Later when Juror No. 8 was in the jury box, defense counsel said: “I’m going to
obviously try to pare down the number of questions I asked. Everybody here, I’m sure,
heard my line of questioning with all of the potential jurors. [¶] Just off the bat, is there
anything that you want to raise your hand about that you – I think you got a sense of what
I’m looking for, what I’m concerned about. [¶] Is there anybody who feels there’s
something they should say right off the bat?”
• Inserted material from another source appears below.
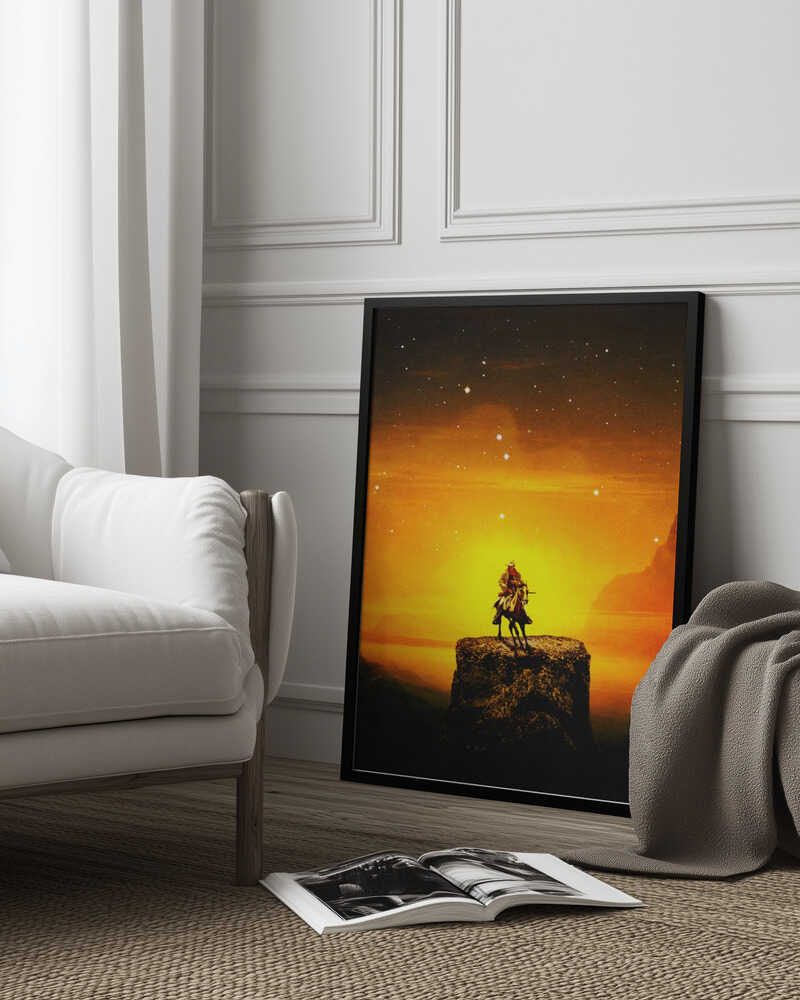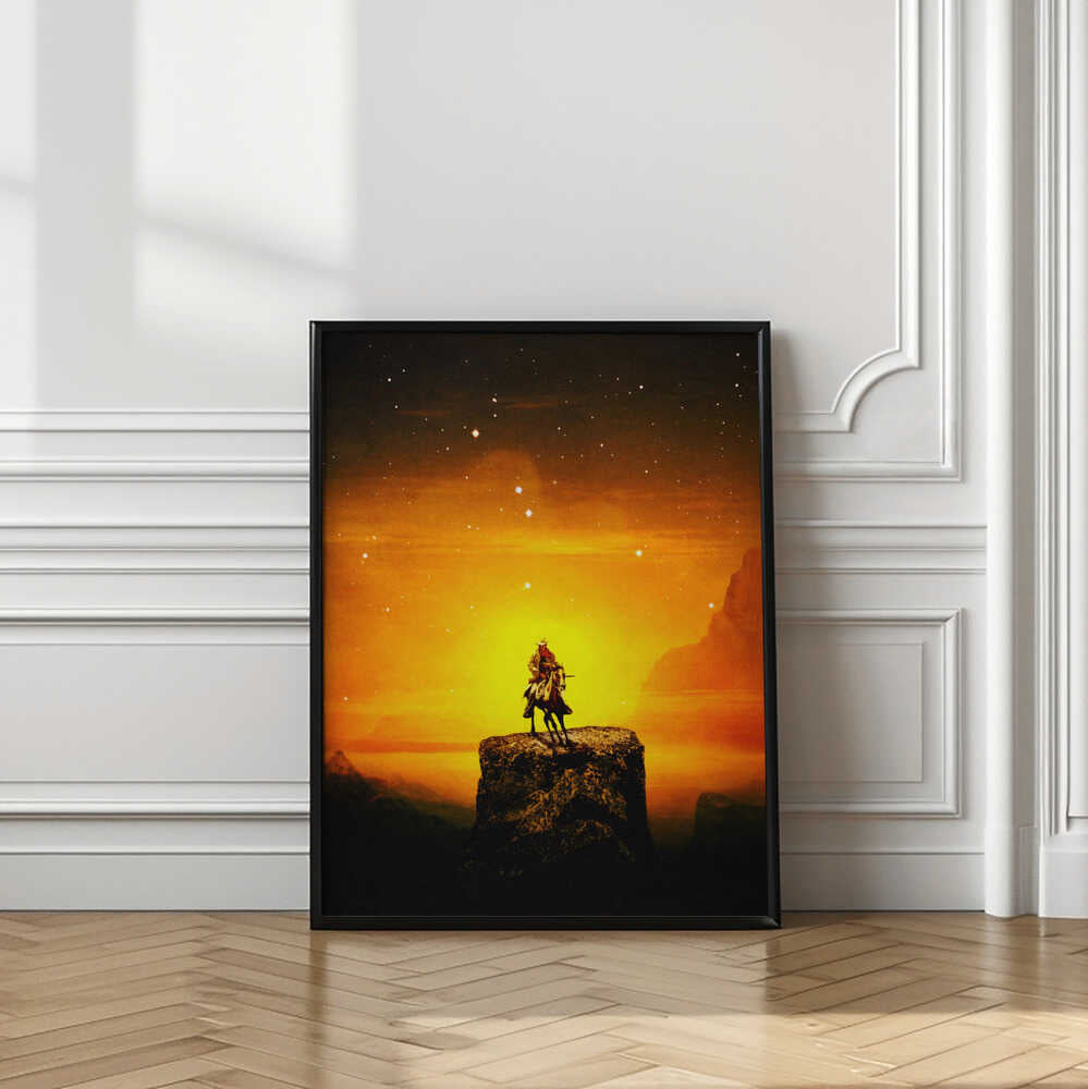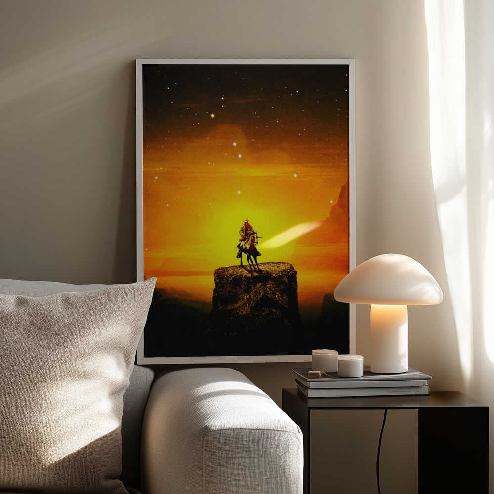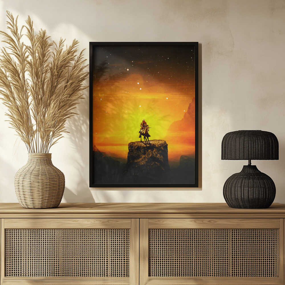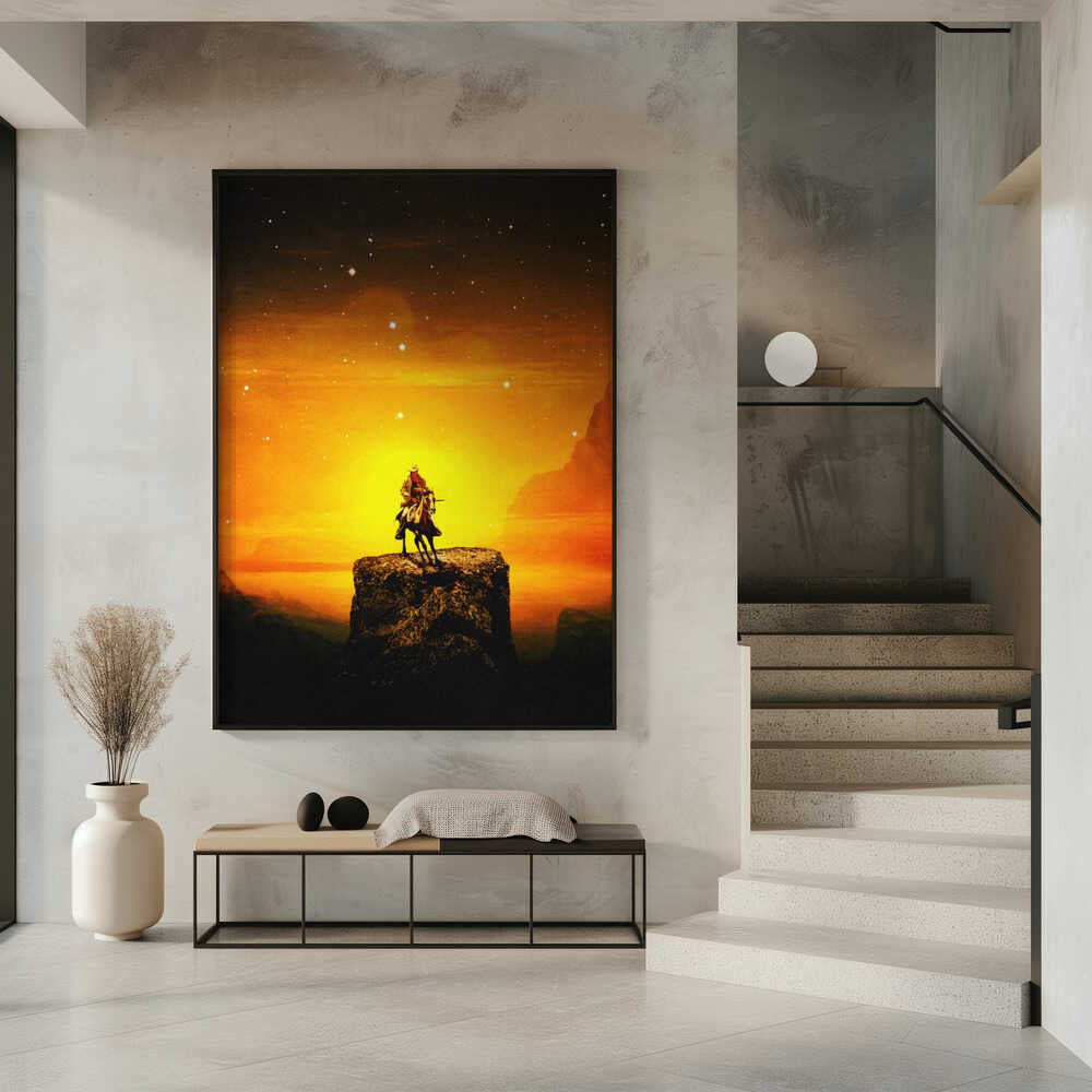Tabloul înramat „Cowboy III”, creat de Taudalpoi, este disponibil în mai multe dimensiuni, cu ramă neagră, albă sau din lemn natur. Se potrivește perfect în orice încăpere.

Well into deliberations, two days after Juror No. 2 was dismissed, the jury
reported to the trial court that they were “ ‘locked in a[t] 11-1. The “1” has stated they
will not change mind, based on evidence provided.’ ” The trial court urged further
deliberations and surveyed the jury to determine whether further measures would help the
jury reach a verdict. In response to the survey, the holdout juror, Juror No. 8 sent a note
to the trial court, “ ‘Your Honor, May I please speak to you about some concerns about
deliberations. Thank you. Juror [No.] 8.’ ”
Juror No. 3 also wrote a note to the trial court which stated: “ ‘Your Honor, [i]t
was revealed to us today that one of our jury members has had the experience of being
falsely accused of sexual harassment by a female co-worker. His demeanor during his
description of the incident causes me to doubt his openness to witness testimony. He has
also stated that he feels that the witness is to blame (for being drunk) at least in part, but
my main concern is that his previous experience has influenced his ability to follow all of
your instructions. Thank you, Juror [No.] 3.’ ”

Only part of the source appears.